• **WHAT NEEDS TO BE DONE**
Repeat exactly, and only, the lines of the entries below from the one with "My husband smoked" through the one with "The ultimate team", both ends included.

• **INFORMATION PROVIDED**
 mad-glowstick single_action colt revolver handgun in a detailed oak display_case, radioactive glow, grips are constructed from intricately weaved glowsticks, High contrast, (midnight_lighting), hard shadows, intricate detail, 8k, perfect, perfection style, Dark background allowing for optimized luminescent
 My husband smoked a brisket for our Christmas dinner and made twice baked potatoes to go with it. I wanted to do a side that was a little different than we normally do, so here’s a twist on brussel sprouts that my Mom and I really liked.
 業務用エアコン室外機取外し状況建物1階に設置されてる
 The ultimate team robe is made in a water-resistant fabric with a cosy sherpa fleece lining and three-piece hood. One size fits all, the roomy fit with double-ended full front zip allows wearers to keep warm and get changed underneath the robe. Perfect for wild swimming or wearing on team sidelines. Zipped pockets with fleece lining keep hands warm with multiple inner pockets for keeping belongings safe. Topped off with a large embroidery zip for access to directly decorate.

==

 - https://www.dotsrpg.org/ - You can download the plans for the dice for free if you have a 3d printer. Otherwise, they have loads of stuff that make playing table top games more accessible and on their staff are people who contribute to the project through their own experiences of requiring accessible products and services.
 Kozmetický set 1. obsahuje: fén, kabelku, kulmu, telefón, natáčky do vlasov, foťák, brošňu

• **PROBLEM SOLUTION**
 My husband smoked a brisket for our Christmas dinner and made twice baked potatoes to go with it. I wanted to do a side that was a little different than we normally do, so here’s a twist on brussel sprouts that my Mom and I really liked.
 業務用エアコン室外機取外し状況建物1階に設置されてる
 The ultimate team robe is made in a water-resistant fabric with a cosy sherpa fleece lining and three-piece hood. One size fits all, the roomy fit with double-ended full front zip allows wearers to keep warm and get changed underneath the robe. Perfect for wild swimming or wearing on team sidelines. Zipped pockets with fleece lining keep hands warm with multiple inner pockets for keeping belongings safe. Topped off with a large embroidery zip for access to directly decorate.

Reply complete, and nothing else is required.